If uploading Ground Truth directly as JSON, the following structure is expected:
{
  "evaluation_instructions": "Values should match exactly.",
  "runs": [
    {
      "user_defined_id": "lease-001",
      "data": {
        "tenant_name": "Acme Corp",
        "lease_start_date": "01/15/2024",
        "monthly_rent": 4500
      }
    },
    {
      "user_defined_id": "lease-002",
      "data": {
        "tenant_name": "Globex LLC",
        "lease_start_date": "03/01/2024",
        "monthly_rent": 6200
      }
    }
  ]
}
Fields:
  • evaluation_instructions — Natural language guidance for how Kolena should compare outputs to ground truths. Useful for specifying acceptable formats, equivalences (e.g. “$4,500” vs 4500), or what counts as a correct partial match.
  • runs — A list of expected results, one per Agent Run.
    • user_defined_id — A stable identifier that matches the ground truth to a Run in the Agent.
    • data — A map from Prompt name to expected value.

Run a Validation

  1. Open a Ground Truth from the Validation tab.
  2. Click Run Validation.
  3. Results stream in real-time as each cell is evaluated. When complete, you’ll see:
    • An overall accuracy score (0–100) for the sheet
    • Per-Prompt scores showing which Prompts are most/least accurate
    • Per-Run scores showing which Runs had the most errors
    • Cell-level reasoning explaining why a value was marked incorrect

Editing Ground Truth

You can update individual expected values without re-uploading the entire file:
  1. Open a Validation and click on a cell.
  2. Click “Edit Ground Truth” and Edit the expected value in the side pane.
  3. Click Save.

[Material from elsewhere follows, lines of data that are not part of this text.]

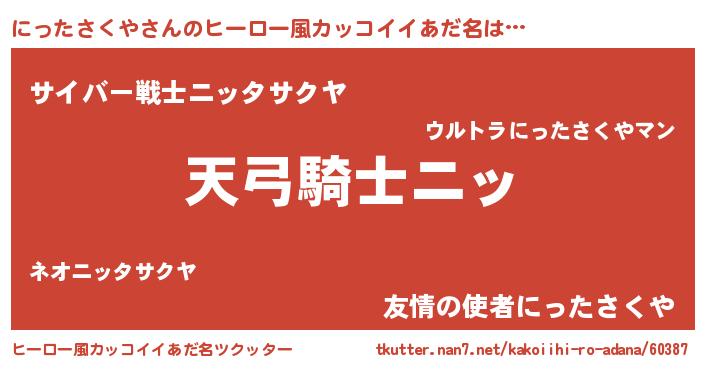 | 男性向けラノベタイトル風あだ名 | 『にったさくやの嫁は女の子じゃないと思った?』 |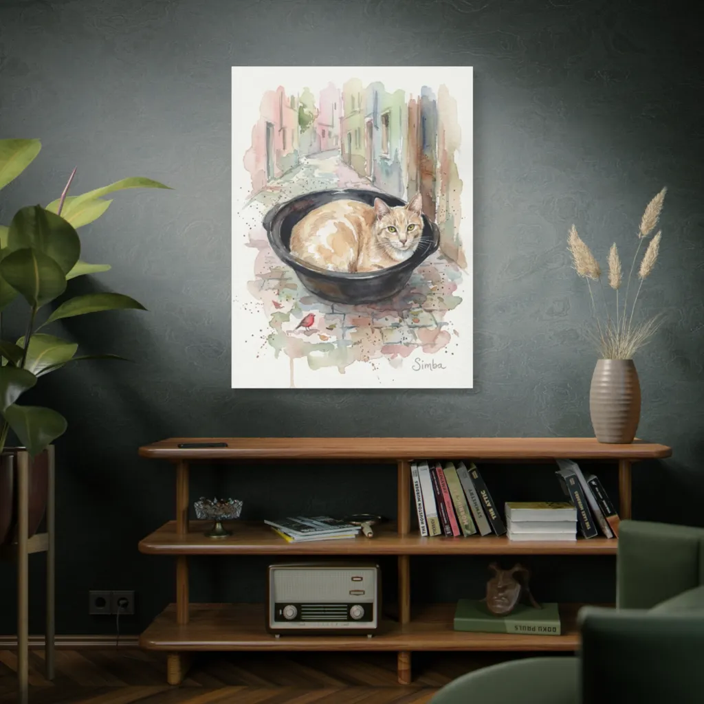 A charming watercolor depicts a serene ginger cat lounging in a basin on a quiet street, evoking a whimsical, tranquil mood.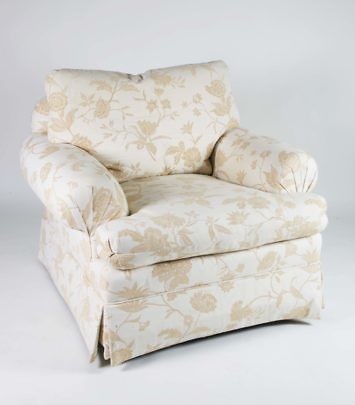 Pair of Creme Floral Upholstered Overstuffed Club Chairs

Kolena creates a new version of the Ground Truth, preserving history.

How Scoring Works

Each matching Prompt+Run combination is compared to its expected value using the following methodology:
  • If an exact match is found the score is 100%
  • Otherwise, fuzzy evaluation is performed using the evaluation_instructions.
All scores are on a 0-100 scale. Scores are then aggregated by Run, by Prompt, and an overall matching score is provided.
Use evaluation_instructions to tell Kolena how to handle acceptable variations — for example, equivalent date formats, optional whitespace, or acceptable abbreviations. This prevents the evaluator from penalizing correct-but-differently-formatted outputs.

Using the API

Validation can also be performed programmatically using Kolena’s API.